In panel A, mock infected cells were left at 37°C or heat shocked at 42° or 39.5°C for 1 hour followed by harvest for IF analysis of Hsc70 localization. In panel B, Vero cells were infected with KOS at an MOI of 10. Top row: infected cells were double labeled for nucleolin and ICP8. Bottom three rows: At 5 hours post infection, cells were either left at 37°C or transferred to a 42°C incubator for 1 hour. All samples were harvested at 6 hours post infection and were double labeled for Hsc70 and ICP8.

Figure 9. Viral proteins lose solubility during 42°°°°°°C heat shock.

Vero cells were infected with 10 pfu/cell KOS for 6 hours.

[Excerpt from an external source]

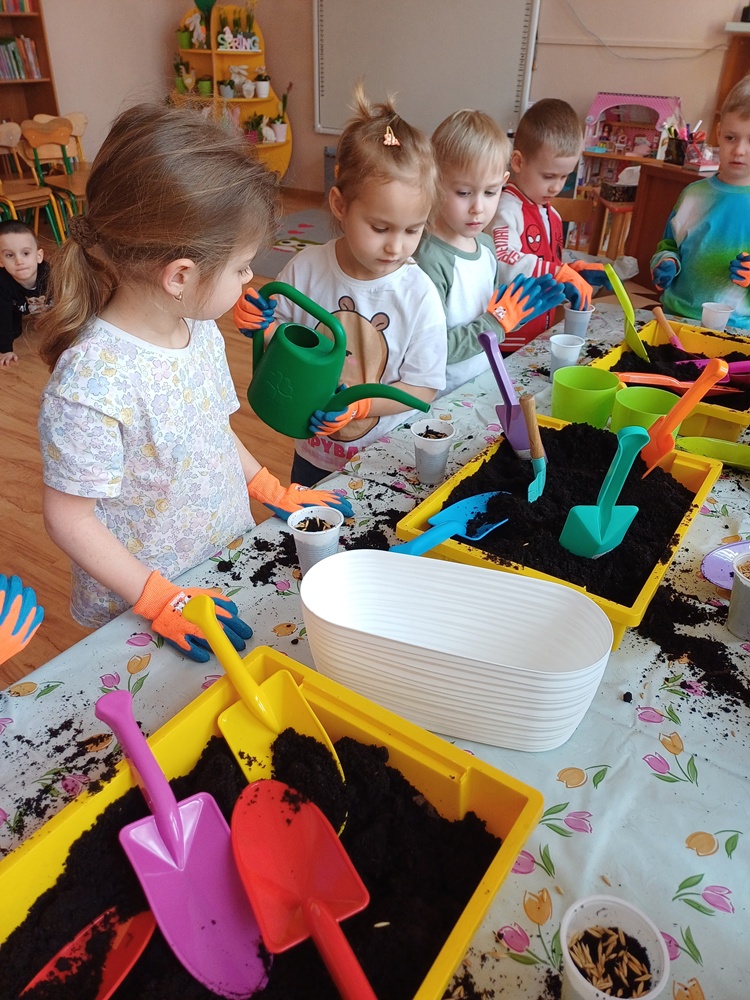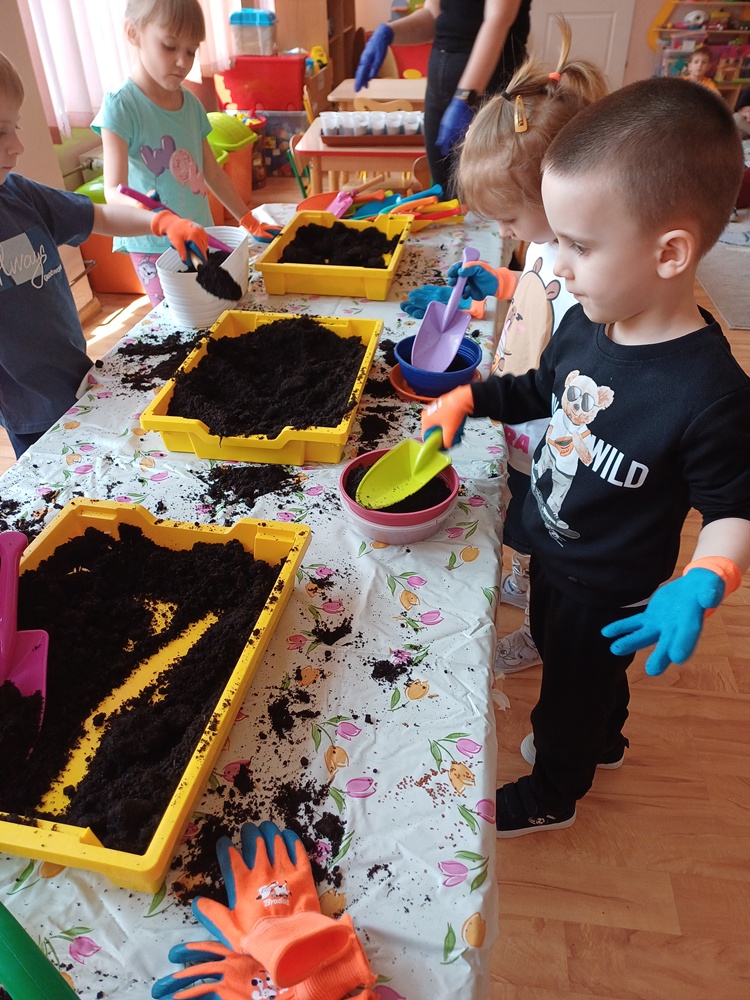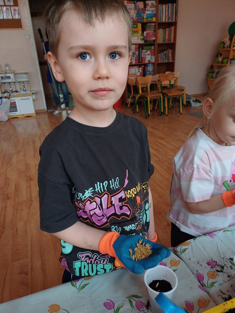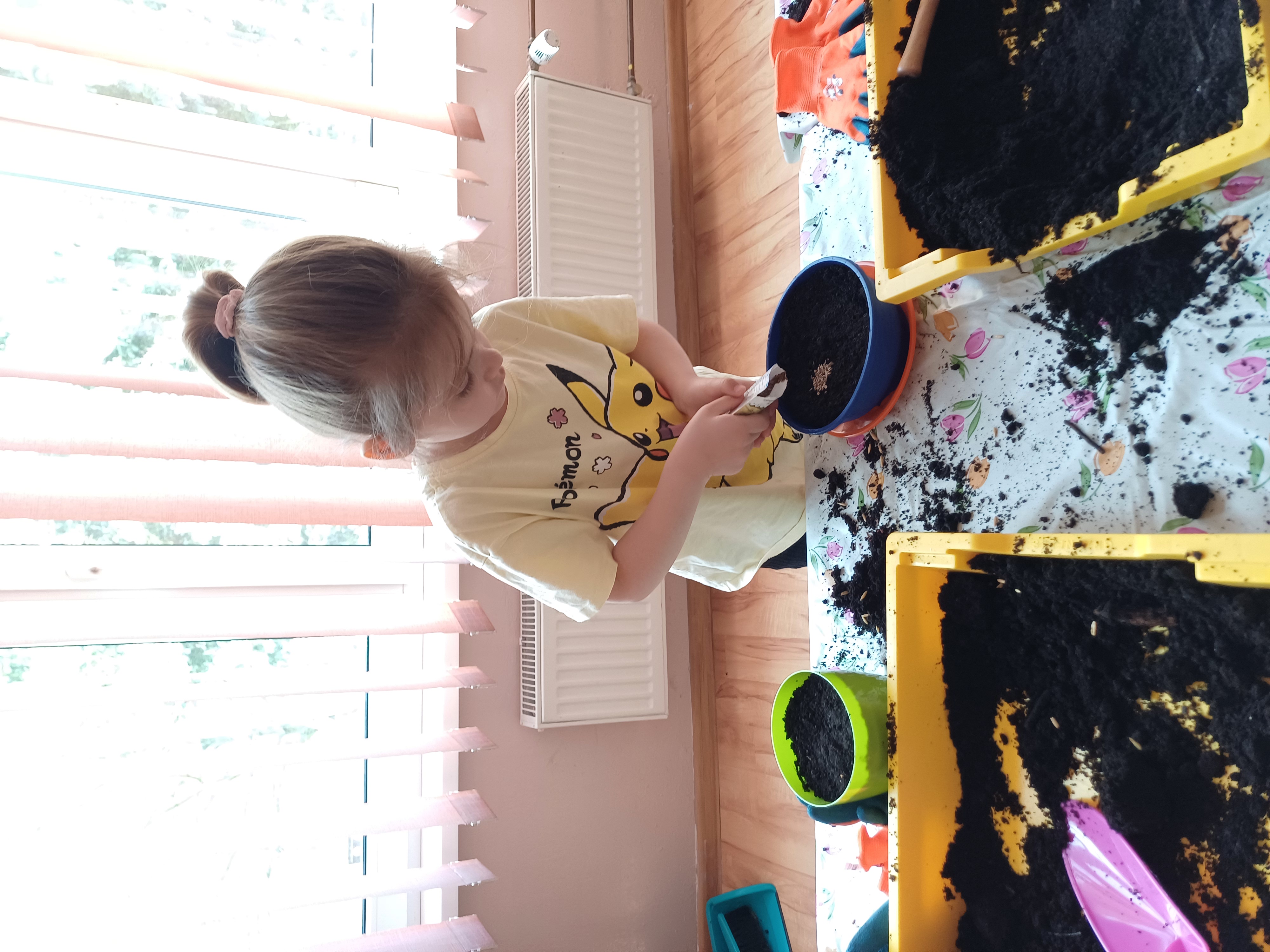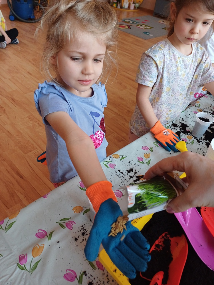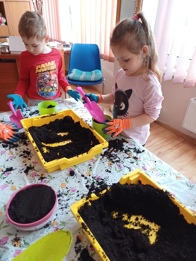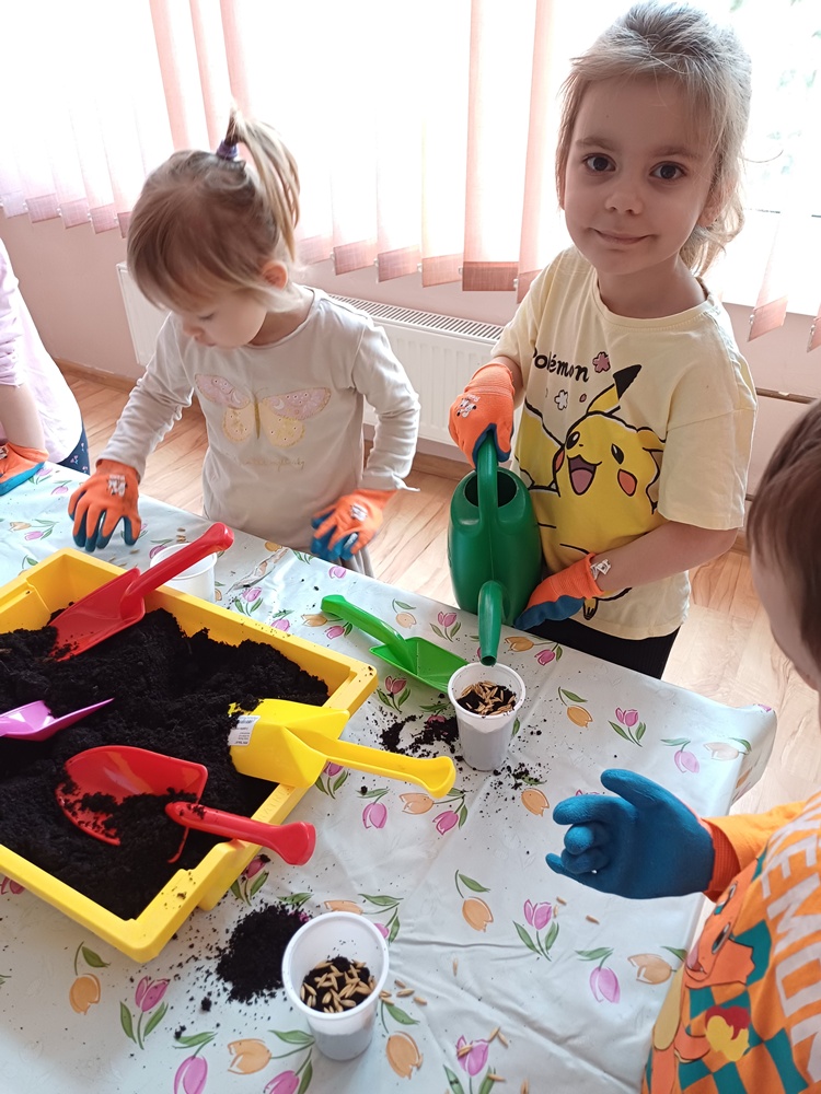 Ww wtorek podczas zajęć dzieci zmieniły się w małych ogrodników. Wyposażone w rękawiczki i łopatki z zaangażowaniem pracowały, sadząc cebulki oraz wysiewając owies wielkanocny i rzeżuchę. Nie zabrakło radości i "brudnych rąk", bo dzieci z wielkim entuzjazmem poznawały tajniki ogrodnictwa, świetnie bawiąc się przy pracy z ziemią.

During the 5^th hour of infection, samples were either left at 37°C or heat shocked for 1 hour at 42°C or 39.5°C. Whole cell extract was fractionated into nuclear (N) soluble (S), nuclear insoluble (P) and cytosolic (C) fractions as described in Materials and Methods, resolved on 10% SDS-PAGE gels and transferred to PVDF membrane. Membranes were probed with monoclonal antibodies specific for ICP4, ICP27 or Hsc70.

Figure 10. Viral productivity decreases following heat shock.

Vero cells were infected with 10 pfu/cell and heat shocked at either 39.5°C or 42°C during the indicated hour post infection before shift back to 37°C. Cell-associated and supernatant virus was harvested 24 hours post infection followed by titration on Vero cell monolayers in triplicate.